━━ PROVIDED INFORMATION

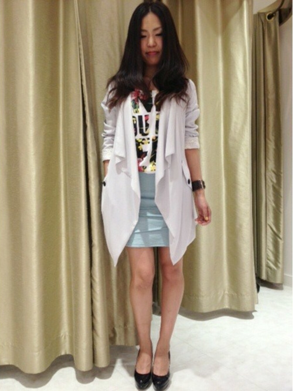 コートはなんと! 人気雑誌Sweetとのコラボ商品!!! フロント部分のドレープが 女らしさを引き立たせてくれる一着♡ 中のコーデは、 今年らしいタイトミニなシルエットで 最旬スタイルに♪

━━━━
━━ PROVIDED INFORMATION

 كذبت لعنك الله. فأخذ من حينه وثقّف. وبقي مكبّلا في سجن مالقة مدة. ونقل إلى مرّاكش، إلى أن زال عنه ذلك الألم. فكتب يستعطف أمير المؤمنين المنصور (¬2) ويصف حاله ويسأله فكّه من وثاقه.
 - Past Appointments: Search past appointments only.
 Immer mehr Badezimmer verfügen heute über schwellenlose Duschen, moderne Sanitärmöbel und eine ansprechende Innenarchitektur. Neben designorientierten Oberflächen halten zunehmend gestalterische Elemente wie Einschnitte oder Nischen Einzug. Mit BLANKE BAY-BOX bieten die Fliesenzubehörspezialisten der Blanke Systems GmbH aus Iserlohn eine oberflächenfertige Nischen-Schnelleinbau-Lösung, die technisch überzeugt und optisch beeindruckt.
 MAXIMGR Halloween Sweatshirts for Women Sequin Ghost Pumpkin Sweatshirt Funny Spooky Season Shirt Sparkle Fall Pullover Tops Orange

━━━━

[THE TASK]:
From the records above, copy out the line with "كذبت لعنك الله.", the line with "MAXIMGR Halloween Sweatshirts", and every line between them, word for word.

[EXPECTED OUTPUT]:
 كذبت لعنك الله. فأخذ من حينه وثقّف. وبقي مكبّلا في سجن مالقة مدة. ونقل إلى مرّاكش، إلى أن زال عنه ذلك الألم. فكتب يستعطف أمير المؤمنين المنصور (¬2) ويصف حاله ويسأله فكّه من وثاقه.
 - Past Appointments: Search past appointments only.
 Immer mehr Badezimmer verfügen heute über schwellenlose Duschen, moderne Sanitärmöbel und eine ansprechende Innenarchitektur. Neben designorientierten Oberflächen halten zunehmend gestalterische Elemente wie Einschnitte oder Nischen Einzug. Mit BLANKE BAY-BOX bieten die Fliesenzubehörspezialisten der Blanke Systems GmbH aus Iserlohn eine oberflächenfertige Nischen-Schnelleinbau-Lösung, die technisch überzeugt und optisch beeindruckt.
 MAXIMGR Halloween Sweatshirts for Women Sequin Ghost Pumpkin Sweatshirt Funny Spooky Season Shirt Sparkle Fall Pullover Tops Orange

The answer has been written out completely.